Stesa su un fianco, lo osservò: era così piccolo che aveva paura di romperlo. Lui aprì la bocca, trovò il seno e, come se non avesse fatto altro nella sua vita, cominciò a succhiare avi­damente.

Quando Erika si svegliò la mattina dopo, sua mamma era lì con lei. Con una smorfia di dolore si mise a sedere e l’abbracciò.

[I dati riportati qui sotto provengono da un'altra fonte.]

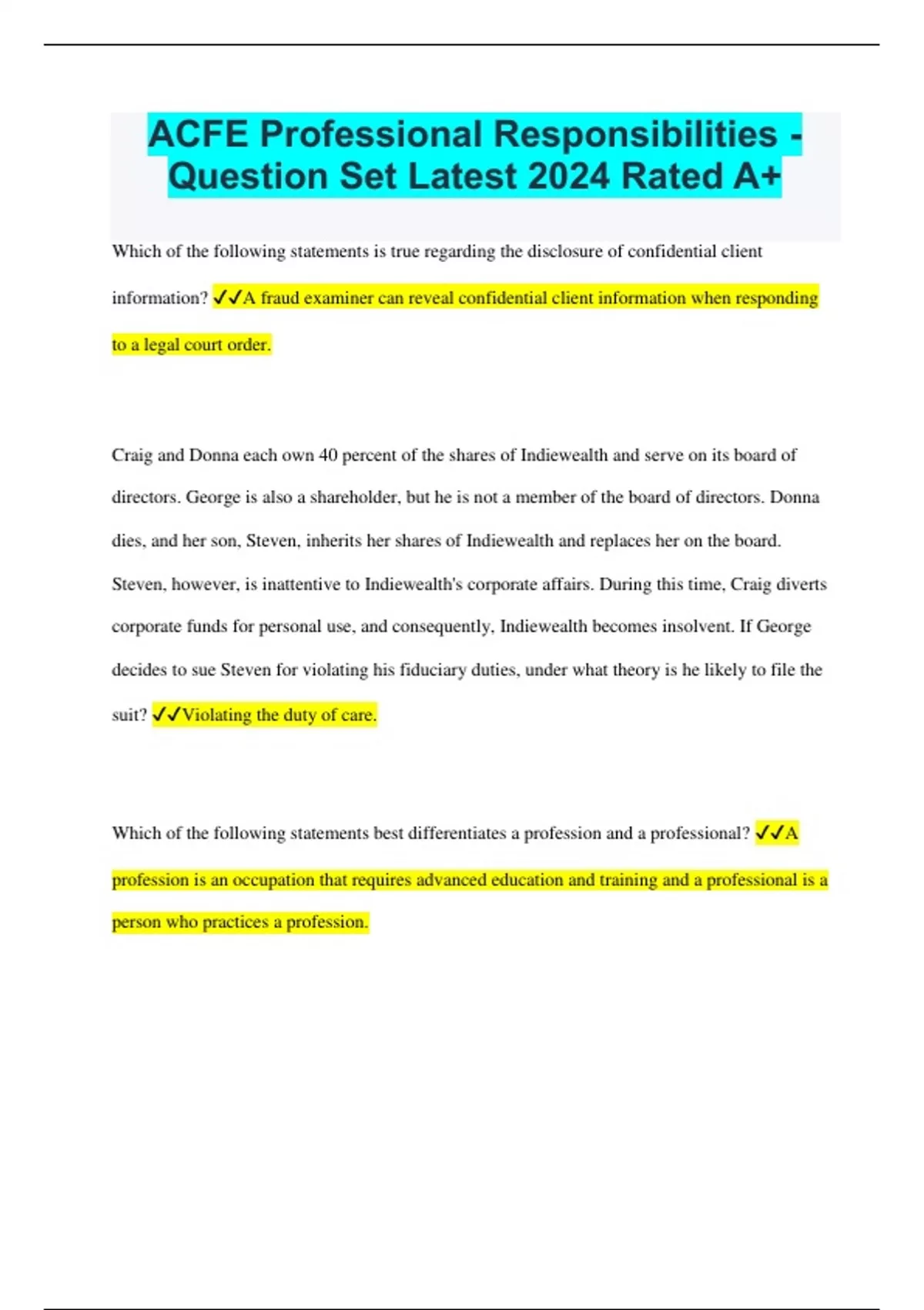 ACFE Professional Responsibilities - Question Set Latest 2024 Rated A+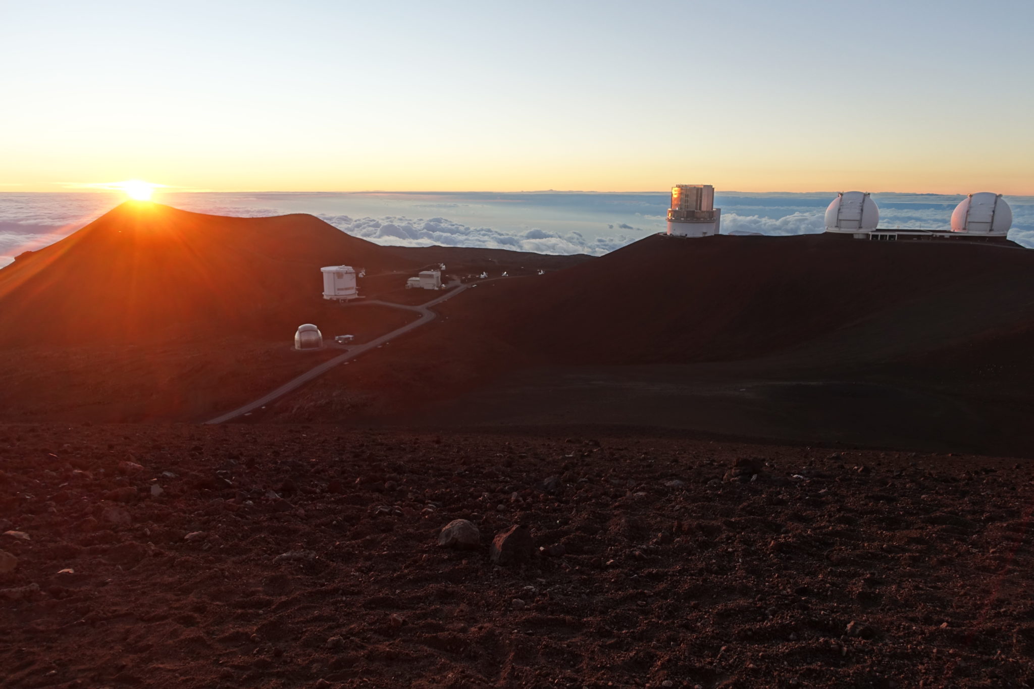 Oben angekommen haben wir tatsächlich unsere Daunenjacken ausgepackt. 11 Grad auf 4200 Meter, am Vormittag hatten wir noch über 40 Grad in der Sonne auf Meereshöhe. Den Sonnenuntergang über den Wolken bestaunen wir zusammen mit japanischen Reisegruppen vom Maunakea Summit. Unser Portlander Pärchen nimmt uns wieder mit hinunter zum Visitorcenter, wo das Stargazing bereits in vollem Gange war. 4 Teleskope zielen auf unterschiedliche Planeten und Galaxien. Wir stellen uns geduldig in die lange Schlange, es ist stockdunkel. Taschenlampen strengstens verboten. Kurz bevor wir Jupiter mit dem Teleskop bestaunen können, fällt zum ersten mal auf dem Maunakea der Strom aus. Unglaublich. Das gab es hier noch nie erklärt man uns nervös und vertröstet uns auf das Sternbilder erklären mit Laserpointer. Recht schnell muss jedoch auch das abgebrochen werden und der Berg wird aus Sicherheitsgründen evakuiert. Pech gehabt. Müssen wir wohl wieder kommen 🙂

«Perché non mi hai chiamato ieri sera? Sarei venuta subito!» la rimproverò con il suo solito sorriso.

Giuliana era una bella donna. Alta, magra e atletica, grazie ad allenamenti quotidiani di ginnastica posturale. Capelli cor­ti e folti che aveva smesso volutamente di tingere, con il risul­tato paradossale di sembrare più giovane. Purtroppo il marito e padre di Erika era morto di infarto tre anni prima, ma lei, nonostante il dolore, era riuscita a mantenere l’equilibrio e la serenità che l’avevano sempre sostenuta.

«Scusa, mamma, ma le contrazioni sono cominciate verso mezzanotte e ho preferito chiamare Valeria e non tenerti alzata tutta la notte.»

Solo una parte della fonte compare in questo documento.